It defies credulity that we are but one week from having declared for us, through some process as opaque as mother-of-pearl but significantly less opalescent, a winner of this season's Top Chef. This man, for now we know he'll be man, will join the hallowed ranks of previous Top Chef winners, a pantheon including that guy from the last season, whathisname, and the woman from that season a while ago. There will be tears shed then, running like poorly aimed pee on a toilet bowl down the convex cheek of Kevin's mug, the sheer cliff of Angelo's crazyface and the fleshy parabola of Ed's head. There will be sweat perspired by the gallon, seeping through skin as if the contestants were merely a sheet of one-ply Bounty covering a puddle of piss. It's not too far from the truth.
Still, I wouldn't be honest if I didn't say the sight of our lovely Kelly, sitting like a middle-aged ma in the middle of a Singaporean food market, didn't buoy my heart just a little.
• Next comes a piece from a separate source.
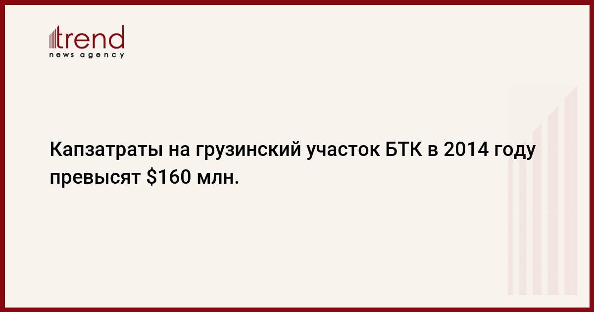 Согласно проекту бюджета ООО "Железная дорога Марабда-Карцахи", которое является оператором строительства грузинского участка железной дороги Баку-Тбилиси-Карс (БТК), общий объем расходов на реализацию проекта в 2014 году составит 170 миллионов долларов.

It was like that scene in When a Man Loves a Woman. Then Ed showed up, a crimson dash of slow moving pudgy flesh not too dissimilar to Andy Garcia and equally slurring, and the cycle was complete. Angelo strolled up, the Emmett Kelly of the show, and bringing up the rear, Kevin, who chose to wear a slouch hat if only because he couldn't find a pith helmet and Singapore, as he and I and everyone from NewJersadelphia knows, is in Africa. They all momentarily feigned friendship.
"Kevin how's your kid? Boy you've sure got a lot of them. Hey, ever see Idiocracy? It's my favorite movie."
"Angelo, you must be excited to see your fiancée. You've seen her what, like two times now? That's so romantic."
"Eddie, congrats on opening Plein Sud! I read the review in the Times! I guess everybody did."
"Hi Kelly."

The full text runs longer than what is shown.